Carles: Inclusive pela miscigenação, muito mais autêntica nesta nova edição. Sturridge tem muito das ancestrais raízes jamaicanas. Se no Liverpool ele faz duo com o superego Luisito, no time inglês faz par com o ex-futuro-quase-bad-boy Rooney, de quem nunca sabemos bem o que esperar. Junto com a moçadinha, teremos medalhões como o próprio Wayne, Gerrard, Lampard e Cole (os dois do Chelsea, quiçá na reserva). E definitivamente sem o capitão Terry, que representava a tradicional liderança dos zagueiros nos times ingleses.

Edu: Mas até na defesa Hodgson mexeu bem e talvez tenha encontrado uma fórmula mais eficiente com dois jogadores rápidos de sua confiança Cahill e Jadielka. Na lateral esquerda o excelente Leighton Baines, do Everton, fez todo mundo se esquecer de Cole, mas na direita deve jogar Glen Johnson, do Liverpool, lento e problemático no mano a mano. Só que tudo nesse time passa pelo meio de campo e se Hodgson se propor a conservar Gerrard como volante, como ele vem atuando ultimamente, será um grande avanço para quem sempre teve por ali jogadores mais físicos do que técnicos.
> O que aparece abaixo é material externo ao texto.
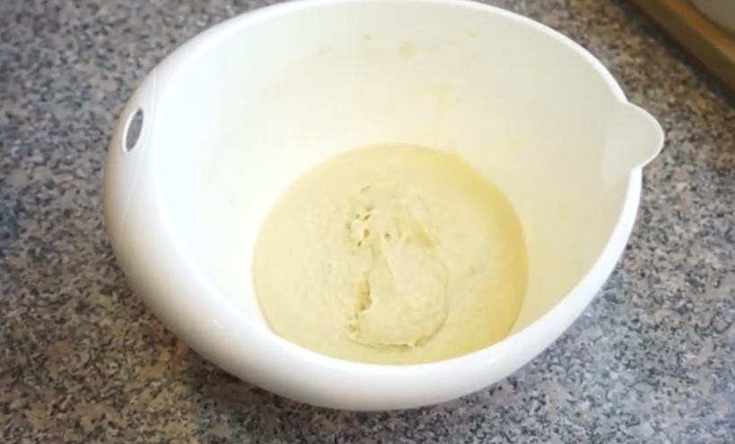 3. Опара за это время поднялась, вливаем ее в тесто.

Em todo caso, como se trata de Inglaterra, tudo o que dissermos aqui pode virar água já na estreia na calorenta Manaus. No fim, o time corre o risco de ter que decidir mesmo o segundo lugar do grupo contra os uruguaios, dia 19 de junho, em Itaquera. Ou seja, do outro lado estará Luisito.

Carles: Se levarmos em conta a dança dos números do Ranking Fifa – às vezes mais enganosos que as eternas promessas da seleção inglesa – o segundo posto se disputa mesmo na estreia em Manaus, entre os europeus, já que os uruguaios são os melhores posicionados no sexto posto, depois vem a Itália 8ª, Inglaterra 12ª e por último Costa Rica, no 34º posto. Por último, permita-me comentar aqui a tal polêmica que, de alguma forma, aproximou CBF e FA, o terreno dos negócios e patrocínios que andou dificultando a edição o chamado álbum oficial das figurinhas da Copa. Segundo eu sei, foram as duas únicas que apresentaram obstáculos aos editores. Você recomenda que o resto de federações deixem se aconselhar pelos assessores brasileiros e ingleses antes de fechar um negócio?

Edu: Nem precisa de recomendação, ninguém vai cair nessa esparrela.